Jack was a hobbledehoy son of the house, almost as much as Vincent. Kate, too, was, he felt certain, treated with a reserve not shown to Mrs. Sprague or Merry. Brooding on this, brooding on the unhappiness of his own disposition, which denied him the privilege of enjoying the best at the moment, indifferent to what might be behind, Wesley had come to hate the Atterburys for the burden of an obligation that he could never lift. He hated Mrs. Atterbury for her high-bred, easy ignoring of all conditions save those that she exacted. He hated Rosa for her gayety, her absorption in the young scamp Dick. He hated Vincent because he seemed to think there was no one in the North but the Spragues worthy of a moment's consideration. It is in hate as in love—what we seek we find. Every innocent word and sign that passed in the group, in which he did not seek to make himself one, Wesley construed as a gird at him or his family. Constantly on the watch for slights or disparagements, the most thoughtless acts of the two groups were taken by the tormented egotist as in some sense a disparagement to his own good repute or his family standing.

Nor were the marked affection and confidence shown Kate by everybody in the house a mitigation of this malign fabric of humiliation. Jack's fondness for Kate had not escaped the observant eyes of Dick, who had confided the secret to Rosa, who had likewise unraveled it to mamma, and, as she kept nothing from Vincent, the Atterburys had that sort of interest in Kate that intimate spectators always show in love affairs, where there are no clashing interests involved. It was a moot question, however, between the three, when, after weeks of observation, Mrs. Atterbury declared that Jack was not in love with Miss Boone. "He can't be," she declared. "He doesn't seek her alone; he doesn't make up to her in the evening. Half the time when they come together it is by Dick's arrangement. He seems to be in love with Kate."

"How absurd!" Rosa cried, with a laugh; "a boy like him! Why, he would be in school, if there were no war."

"Well, Rosa, I fancy that Dick hasn't found war very much different from school, so far. He seems to recite a good deal to the mistress, and occupies the dunce's block quite regularly," Vincent retorted, with a provoking significance that set mamma in a brown study and suspended the comments on Kate's and Jack's probable sentiments.

Mrs. Sprague and Wesley were the only people in the house who had no suspicion of a deeper feeling than mere passing goodfellowship between Jack and Kate. Both were blinded by the same confidence. The mother could never conceive a son of the house of Sprague making such a breach on the family traditions as a union with a Boone. Wesley could not conceive a sister of his giving her heart to the son of a family that had insolently refused to concede social equality to her father. Something of Wesley's miserable inner unrest could not fail to be visible to the Atterburys, but the less congenial he became the more watchfully considerate they made their treatment of him. He was their guest, with all the sacred rights and immunities that quality implies, in the exaggerated code of the Southern host. Kate was the single power that Wesley had bent his headstrong will before, ever since he was a boy. His father he obeyed, while in his presence, trusting to wheedling to make his peace in the event of disobedience. But Kate he couldn't wheedle.

She was relentless in her scorn for his meannesses and follies, and, though he did not always heed her counsels, he proved their justness by finding his own course wrong. Kate, however, hesitated about remonstrating with him on his deepening moodiness, for she was not quite sure whether it was mad jealousy of Dick's favor in Rosa's eyes, or a secret purpose to attempt to fly from the gentle bondage of Rosedale. Wesley with Rosa it was remarked by Kate, was, or seemed to be, his better self, or rather better than the self with which others identified him. It was, however, she feared, more to torment Dick, than because she found Wesley to her liking, that the little maid often carried the moody captain off into the garden, pretending to teach him the varied flora of that blooming domain. Dick remarked these excursions with growing impatience, and visited his anger upon Rosa in protests so pungent and woe-begone that she was forced to own to him that she only pretended an interest in the captain, so that he might not think he was shut out of the confidence of the circle.

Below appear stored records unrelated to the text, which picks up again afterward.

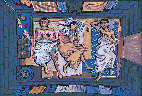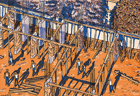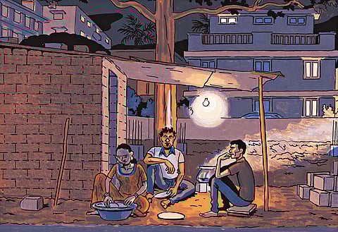 “Bloody noisemakers!” Rafik and his brother Mehboob—characters from Simon Lamouret’s graphic novel The Alcazar—would often get cussed at by their neighbours at the construction site where they lived. The last time they played a cricket match, an elderly man had threatened to call the cops, forbidding them to play next to his house. But caught between a life of cement and bricks, the brothers stay on in the hope of being treated better at the cost of extra labour.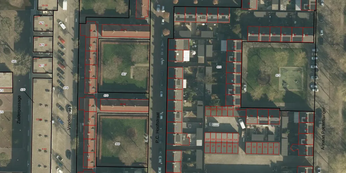 Het perceel waarop P.C. Hooftstraat 17 staat heeft een oppervlakte van 1,6 ha. Dit is een zeer groot perceel. De perceeloppervlakte wordt geregistreerd door het Kadaster. Gedetailleerde informatie over de maten van dit perceel kunt u vinden in het rapport Kadastrale kaart met maatvoering van P.C. Hooftstraat 17.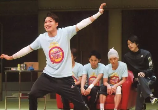 Japanese title: 生写真(男性)/俳優 松下優也(望月宙)/ライブフォト・横型・衣装水色.黒・両手広げ・左手上げ・後ろ須賀健太.廣瀬智紀.加藤真央/舞台「タンブリング FINAL」会場限定生写真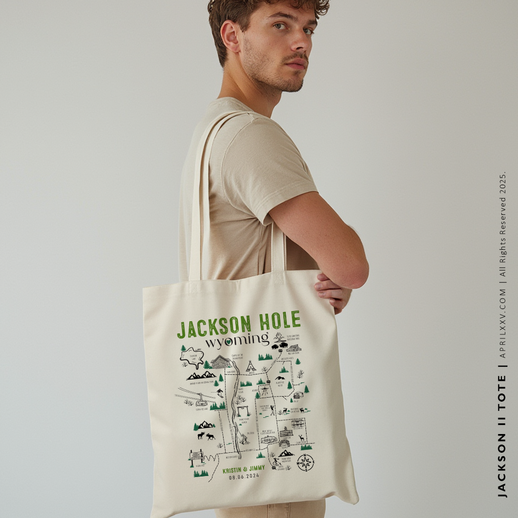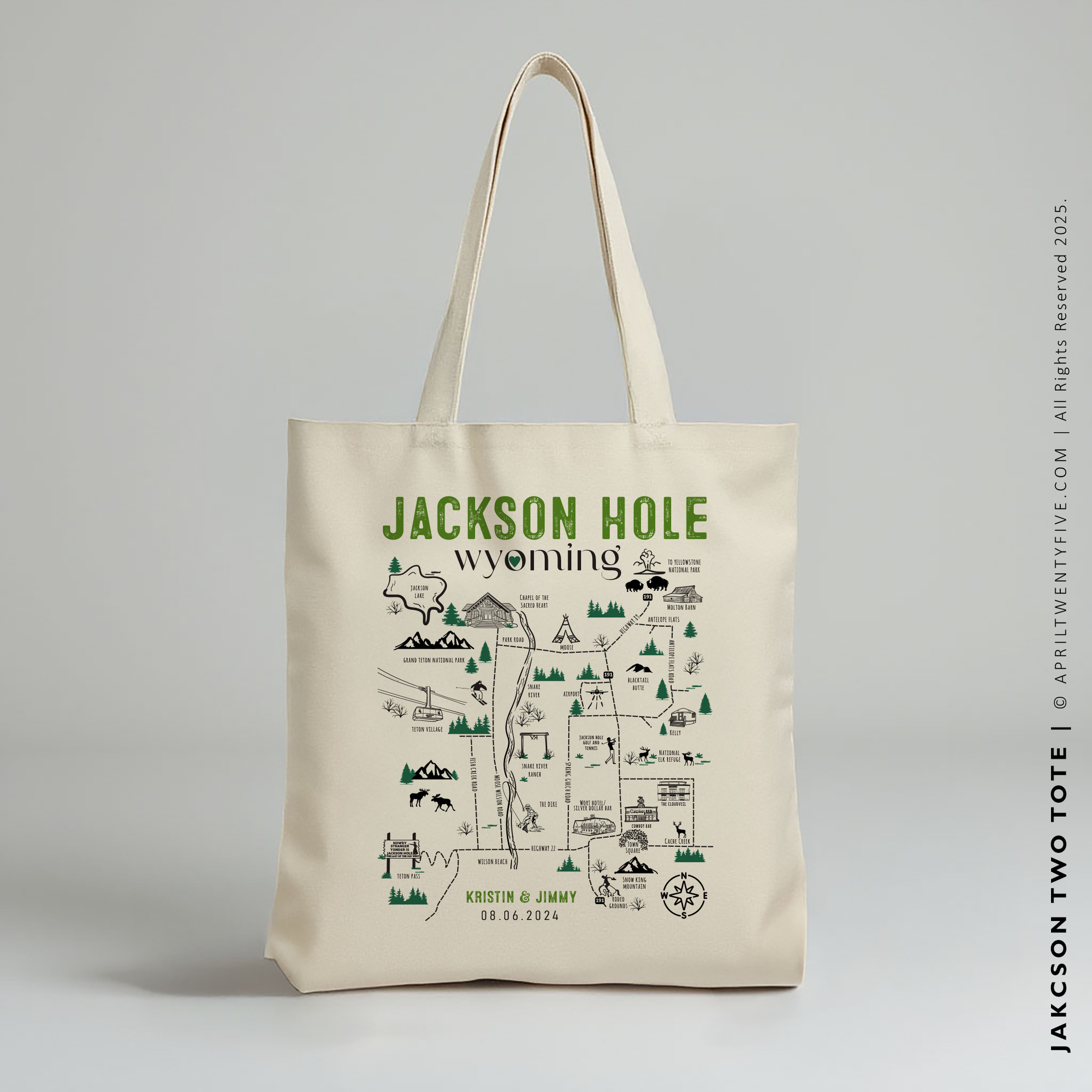 The wild-west-themed canvas tote is the perfect way to show your travel buddies some love. This custom-made canvas bag is heat-transfer-printed. It is the essential gift for your group vacation or for friends and family attending your destination wedding or a weeklong stay in Jacksonhole, Wyoming. The best part? You can personalize it with your own text!

"And who cares if he does think he is shut out, I should like to know?
He is a sneak, and I don't like to have you talking with him alone,"
Dick cries, quite in the tone of the Benedict who has passed the
marriage-portal and feels safe to make his will known.

"I should like to know what right you have to order what I shall or shall not do?" Rosa protests, half angry, half laughing. "Why, you talk like a grown man—like a husband. How dare you?"

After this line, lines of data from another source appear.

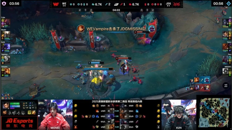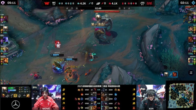 第一局前期WE中野多次控住Scout,Monki潘森配合Karis瑞兹中路拿到一血。JDG依靠下路团战节奏反扑,xun赵信捅飞WE双人组,Peyz韦鲁斯斩获双杀,JDG打出0换3建立经济领先。
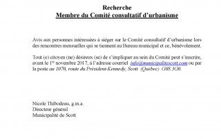 Membre du Comité d'urbanisme recherché Avis aux personnes intéressées à siéger sur le Comité consultatif d’urbanisme lors des rencontres mensuelles qui se tiennent au Bureau [...]
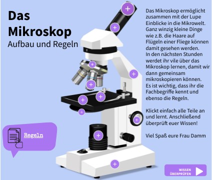 Das Mikroskop ermöglicht zusammen mit der Lupe Einblicke in die Mikrowelt.Ganz winzig kleine Dinge wie z.B. die Haare auf Flügeln einer Fliege können damit gesehen werden. In den nächsten Stunden werdet ihr vile über das Mikroskop lernen, damit wir dann gemeinsam mikroskopieren können. Es ist wichtig, dass ihr die Fachbegriffe kennt und ebenso die Regeln. Klickt einfach alle Teile an und lernt. Anschließend überprüft euer Wissen! Viel Spaß eure Frau Damm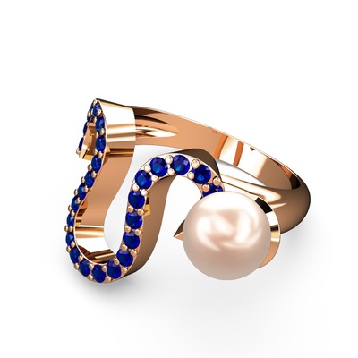 Pembe inci ve lab safir 18 ayar rose altın yüzük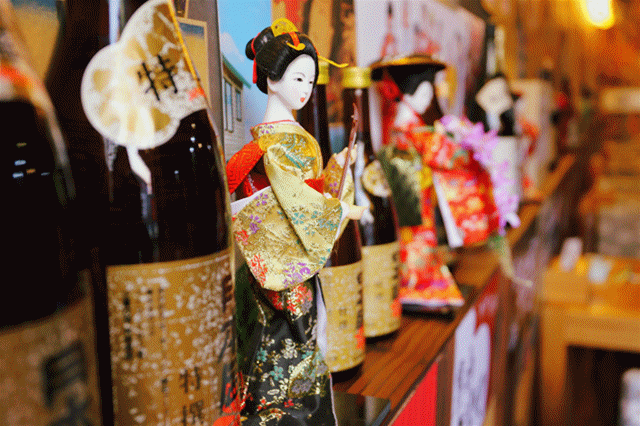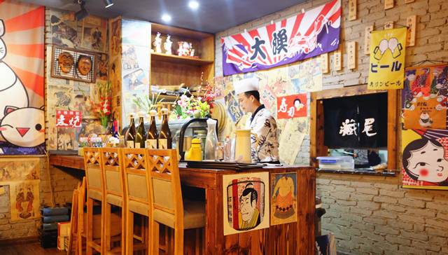 锦鲤图案的酒旗帷幔下,暖黄色的灯笼、浮世绘风格的仕女图壁画、日本各年代的电影海报等等,将店内的环境营造出居酒屋的风格。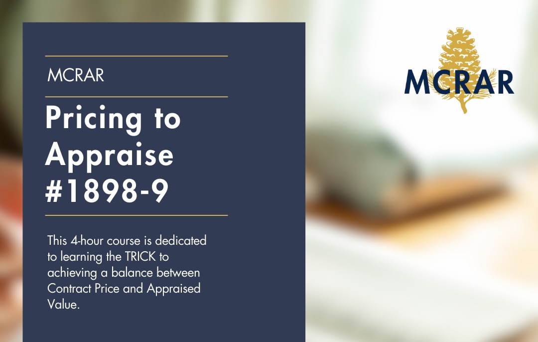 Pricing to Appraise counts for 4 hours of Elective Credit with the North Carolina Real Estate Commission.

Dick pauses confused, and looks guiltily about at this.

"Ah, if you put it that way I have no right except this: My whole heart is yours. You know that. You may not have given me all yours." (Protesting shrug from Rosa's shoulders.) "Well, all the same; if my heart is all your own you have a duty in the case. You ought to spare your own property from pain." (Rosa laughs softly.) "Of course you are right. You are always right. How could such a beautiful being be wrong!" The artful rogue slips his arm about her waist at this, and, after a feeble struggle, he is permitted to hold this outwork unprotested.